_EXERCISE BRIEF_. Beginning with the line that contains "Si ves un mensaje", repeat each line exactly through the end of the listing below. Pictures stay out.

_SOURCE MATERIAL_.
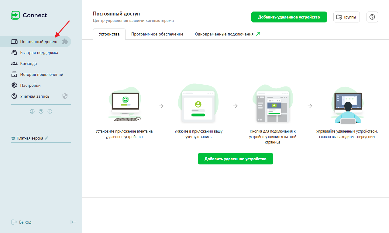 Узнайте, как добавлять устройства в Постоянный доступ, организовывать их по группам, делиться устройствами и многое другое в руководстве Постоянный доступ. Подробное описание.
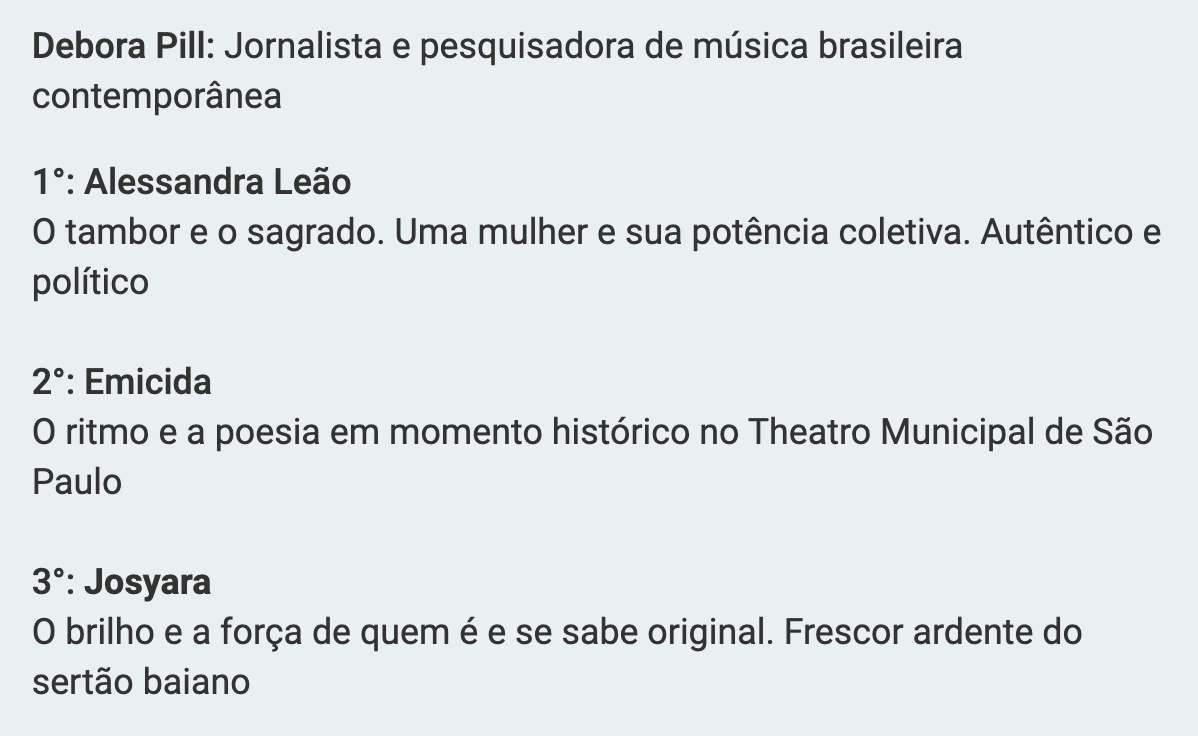 Mais uma vez fui convidada a votar nos três melhores shows nacionais do ano de 2019 para o Guia da Folha.
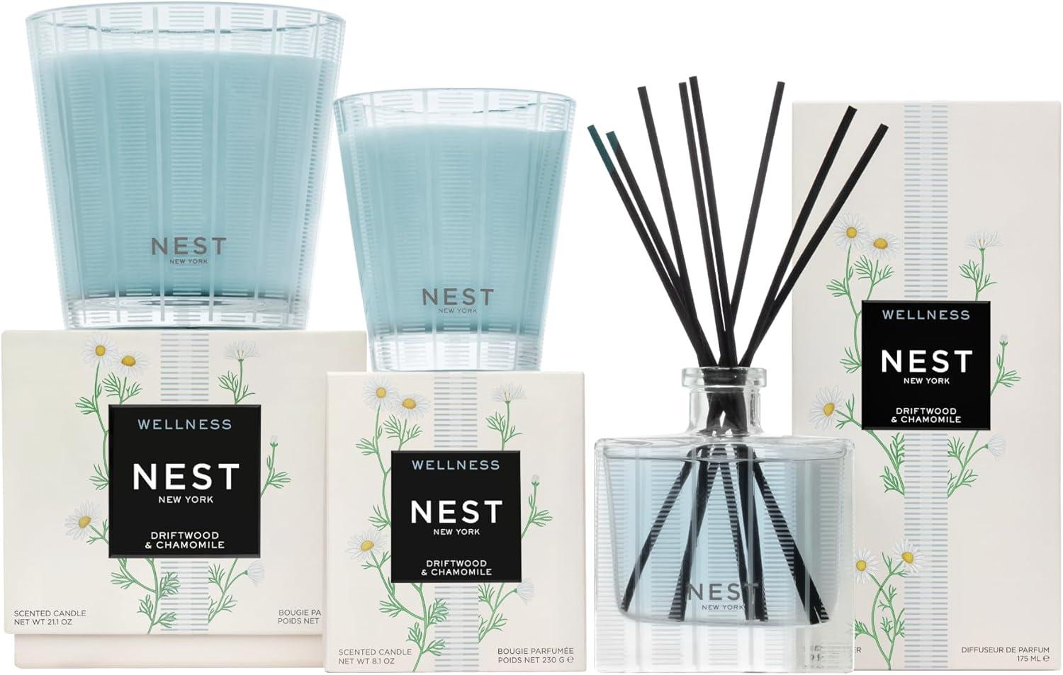 NEST New York Scented Classic Candle Duo, Himalayan Salt & Rosewater – 8.1 oz, Pack of 2 – Up to 60-Hour Burn Time Each – Reusable Glass Vessel(Driftwood & Chamomile)
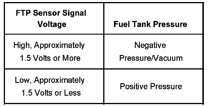 The table illustrates the relationship between FTP sensor signal voltage and the EVAP system pressure/vacuum.
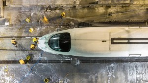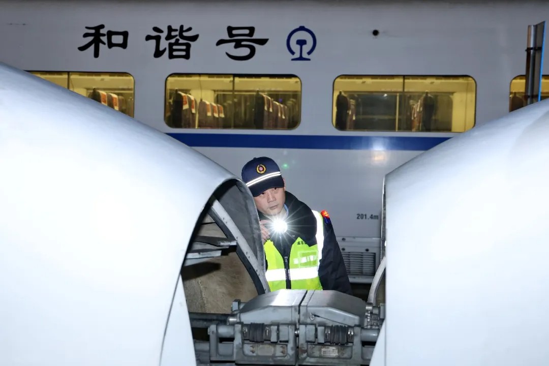 03时39分,江苏,动车组随车机械师在南通动车所进行动车组车上作业检查。许丛军 摄
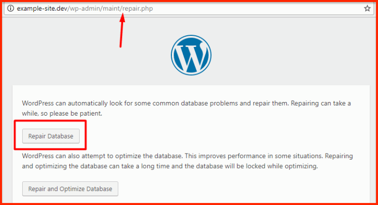 Si ves un mensaje diferente mencionando algo como "La base de datos puede necesitar ser reparada", continúa con esta sección para aprender cómo reparar tu base de datos de WordPress.
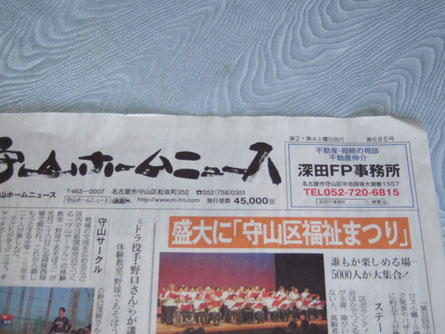 本日12月10日発行、守山ホームニュースの右上に広告を掲載しました。
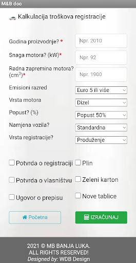 Na veoma jednostavan način izračunajte iznos auto osiguranja za Vaše putničko vozilo, motocikl, teretno ili priključno vozilo. Još jednostavnije zakažite Vaš tehnički pregled. Sve na jednom mjestu! Vaš M&B doo Banja Luka!

_WRITTEN ANSWER_.
 Si ves un mensaje diferente mencionando algo como "La base de datos puede necesitar ser reparada", continúa con esta sección para aprender cómo reparar tu base de datos de WordPress.
 本日12月10日発行、守山ホームニュースの右上に広告を掲載しました。
 Na veoma jednostavan način izračunajte iznos auto osiguranja za Vaše putničko vozilo, motocikl, teretno ili priključno vozilo. Još jednostavnije zakažite Vaš tehnički pregled. Sve na jednom mjestu! Vaš M&B doo Banja Luka!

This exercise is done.